Bunte Vielfalt aus der Tüte. Gummi- oder Silikonringe, aus denen Armbänder, putzige Tierchen oder Blumen gestaltet werden können. Viele Kinder sind ganz verrückt danach. Die Tütchen mit den notwendigen Gummiringen, aus denen die Accessoires gemacht werden, gibt es in den verschiedensten Farben, sogar mehrfarbig ist das Material zu erstehen.

Und es ist enorm beliebt unter den 5- bis 15-Jährigen. „Es ist so toll, was ich damit machen kann“ schwärmt Nele. Sie hat bereits 59 Armbänder geknüpft und trägt sie oftmals alle an ihrem zierlichen Arm. „Damit seh ich cool aus, und ich allein entscheide, welche Farben ich für mein Armband wähle“. Während die Eltern Gefallen daran finden, dass die Kids eine Beschäftigung gefunden haben, die wetterunabhängig und bezahlbar ist, warnen die Verbraucherzentralen und auch Ärzte. „Die Gummiringe können Stoffe enthalten, die für Kinder giftig sind“ heißt es von Prof. Dr. Anton Mehrle. Der Allergologe zeigt sich erschrocken von dem Boom auf das künstliche Material.

Auch Blumen werden untereinander getauscht, Loom machts möglich.

Weil es auch Loom-Artikel ohne Prüfzeichen gebe, kämen beispielsweise aus Asien über Angebote von speziellen Verkaufsplattformen ungesunde Waren direkt ins Kinderzimmer. „Vor einigen Jahren waren Eltern noch auf Holzspielzeug und geprüftes Material scharf, jetzt fehlt gerade jede Art von gesundheitsbewusstem Denken wie es scheint“, zeigt sich Prof. Dr. Mehrle verständnislos. Der stetige Hautkontakt zu den Loom-Gummis habe bereits in einigen Fällen Allergien ausgelöst, warnt der Experte.

Es gebe zudem Grund zur Annahme, dass sich giftige Stoffe, wie etwa Phthalate in den Loom-Bändern befinden. Im Alltag kann es zu Problemen kommen: Wenn der Weichmacher mit Speichel in Verbindung kommt, können die schädlichen Stoffe direkt in den Körper gelangen. Der Inhaltsstoff sei äußerst bedenklich und dieser Trend sei ein Trend hin zur echten Gesundheitsgefahr, erläutern Mitarbeiter der Verbraucherzentrale. „Loom-Bänder punkten mit bunten Farben und der einfachen Möglichkeit, aus dem Material etwas ohne besonderes Geschick zu fädeln“, erklärt Roswitha Eggert von der Verbraucherzentrale. Sie bittet vor allem um Kontrolle, woher die Gummiringe kommen: „In jedem Fall sollte zumindest das CE-Siegel auf der Packung sein. Dies ist für ganz Europa gültig und soll aufzeigen, dass das Produkt den Gesundheitsanforderungen entspricht. Daher Finger weg von Auslandseinkäufen wie etwa aus Asien“, so Eggert. Manche Loom-Materialien seien außerdem mit dem TÜV und GS-Siegel versehen, so die Gesundheitsexpertin der Verbraucherzentrale weiter. So könne noch bewusster die Prüfung der Ware angezeigt werden.

Kids im Hype

Den Kindern ist es freilich zunehmend egal, ob es Warnungen gibt. Das Loom- oder auch Loop-Bänder-Knüpfen macht Spaß und ist ein netter Zeitvertreib. Viele ABC-Schützen wünschen sich die Tütchen mit bunten Gummiringen in ihre Schultüten hinein.

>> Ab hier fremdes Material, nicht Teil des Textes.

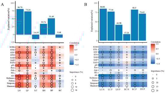 Soil properties, topography, and species diversity simultaneously included in the models predicted 48% and 94% variability in LC:N and BC:N, respectively (Figure 6C). Species diversity showed strong direct effects (0.69 and 0.33) and soil properties and topography showed weak indirect (−0.54 and −0.83) effects on LC:N and BC:N, respectively. The direct effect of LC:N on BC:N was the largest (0.71), while the indirect effects of topography and soil properties were −0.44 and −0.68, respectively. The path equation is as follows: ZLC:N = −0.37ZTop − 0.57ZSPP + 0.69ZSD(R2 = 0.48), ZBC:N = −0.44ZTop − 0.68ZSPP + 0.82ZSD + 0.71ZLC:N(R2 = 0.94). Similarly, other path equations can be obtained as follows: ZLC:P = −0.40ZTop + 0.27ZSPP + 0.99ZSD(R2 = 0.50), ZBC:P = 0.37ZTop−0.26ZSPP − 0.93ZSD – 0.94ZLC:P(R2 = 0.96); ZLN:P = −0.38ZTop + 0.73ZSPP + 0.91ZSD(R2 = 0.83), ZBN:P = 0.34ZTop + 0.17ZSPP + 0.22ZSD + 0.24ZLN:P(R2 = 0.22); ZLN = 0.38ZTop + 0.73ZSPP + 0.84ZSD(R2 = 0.70), ZBN = 0.28ZTop + 0.55ZSPP + 0.63ZSD + 0.75ZLN(R2 = 0.56); ZLP = −0.28ZTop + 0.49ZSP + 0.58ZSD(R2 = 0.33), ZBP = −0.32ZTop + 0.56ZSP + 0.66ZSD(R2 = 0.43).
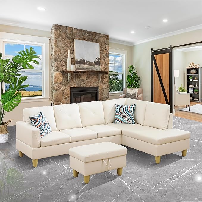 Faux Leather L Shape Sofa, Modern Sofa&Couch for Living Room,5-Seat Comfy Sectional Sofá Corner Couch Set with Wide Chaise for Bedroom,Office, White
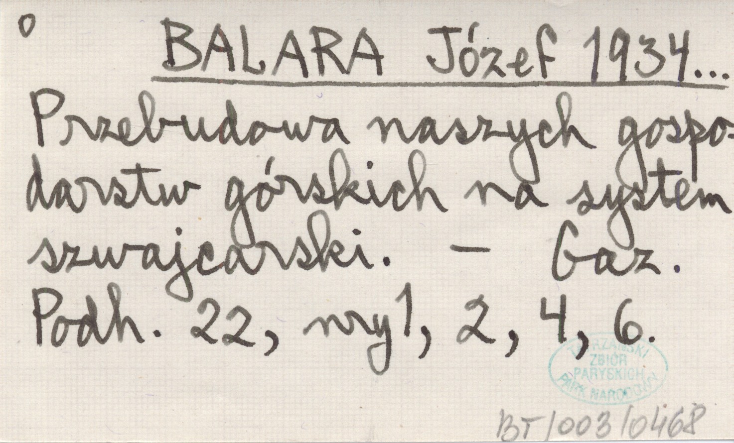 BALARA Józef 1934... Przebudowa naszych gospodarstw górskich na system szwajcarski.
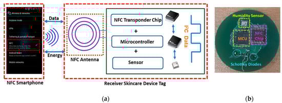 (a) Overall structure of the battery-free smart skincare sensor device tag system; (b) main components of the skincare device tag.
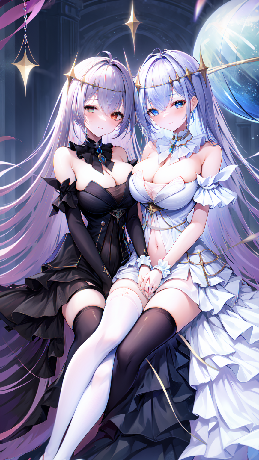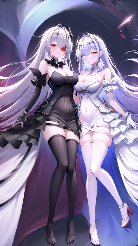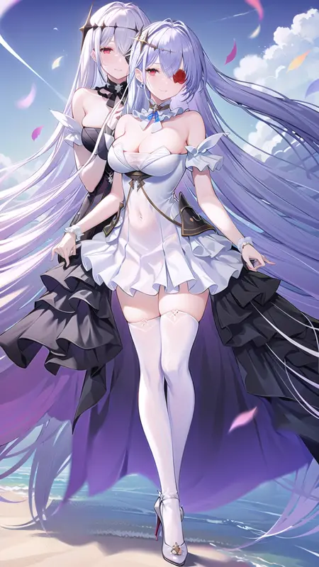 (2girls, multiple girls:1.2), flower, breasts, red flower, white flower, flower over eye, dress, black dress, long hair, rose, red eyes, red rose, blue eyes, thighhighs, white dress, white rose, white hair, very long hair, bare shoulders, bangs, hair ornament, eyepatch, white thighhighs, black gloves, lora:EmdenV1.0:0.8, (ironemdenbeide:1.2), full body, blue sky, clouds, sky background, standing on beach,
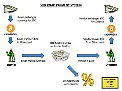 Pro platby se v transakcích obvykle používají bitcoiny[2], někdy v kombinaci se službou pro sušičky/mixování kryptoměny (tzv. Cryptocurrency tumbler)[73] pro větší anonymitu a PGP pro bezpečnou komunikaci mezi kupujícími a prodejci, a nejsou uloženy na stránce samotné.[74] Mnoho stránek používá bitcoin multisig[75] transakce s cílem zlepšit bezpečnost a snížit závislost na úschovách kryptoměny přímo na webu. Helix bitcoin tumbler nabízí přímou anonymní integraci plateb.[76]
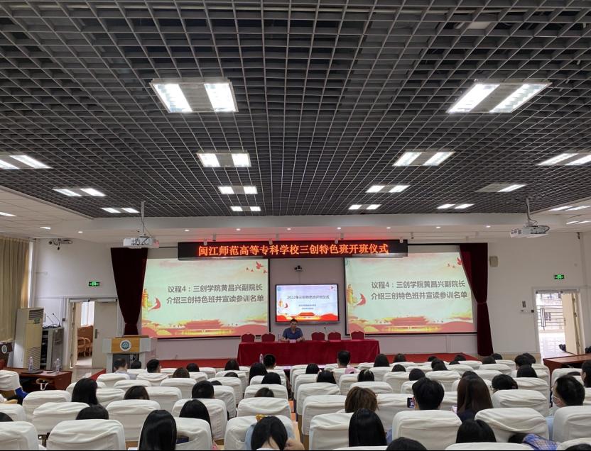 为深入推进大众创业万众创新,推动高等职业三创教育高质量发展,进一步激发师生创新创业竞赛参赛热情,2022年6月8日下午,三创特色班开班动员大会及暨三创特色班专题培训于旗山校区2018会议室召开。谢敏锋副校长、福建省汇众创新创业研究院张建青副院长、学生处郭静静处长、公共基础部黄昌兴副主任、各院系学生工作负责人出席了本次活动,入选三创特色班的项目团队成员及指导教师共计100多人参加此次活动。

Ein bunter Regenbogen aus selbst geknüpften Loom-Bändern zieren die Arme vieler Kinder aus der Region 

Das Knüpfen ist sowohl bei Mädchen als auch bei Jungs beliebt. Und auch die Stars haben plötzlich anstatt teuren Designer-Armbändern das selbstgeknüpfte Armband, das die Tochter gemacht hat, am Arm. David Beckham zeigte sich kürzlich mit einem Loom-Band in der Öffentlichkeit.

Der Trend scheint keine Grenzen zu kennen. „Was ist schon dabei, soll Mama doch froh sein, dass ich nicht vor dem Computer oder dem Fernseher sitze, Loom-Bänder sind jetzt einfach angesagt, da kann ich doch nicht einfach Nein sagen, denn es knüpfen doch auch alle meine Freunde“ wettert Caroline. Sie hat mehrere Tausend Loom-Gummis und verteidigt ihr neues Hobby.

Eines hat sie ihrer Mutter jedoch versprochen: „Nachts kommen die Bänder runter vom Arm und ich muss aufpassen, dass ich keine Gummiteile am Boden liegen lasse. Wenn mein kleiner Bruder oder unser Hund die runterschlucken würde, dann wär das schlecht“ weiß Caroline. Hier zeigt sich die 8-Jährige verständnisvoll, ging deshalb mit ihrer Mutter den Kompromiss ein, dass die Loom-Bänder nur in ihrem Kinderzimmer und nur auf einer ausgebreiteten Decke geknüpft werden dürfen. „Am Abend wird die Decke zusammengefaltet und der Boden abgesucht, aber tagsüber bin ich der Star mit meinen bunten Armbändern und Tierchen“. Und das soll laut Caroline auch noch lange so bleiben.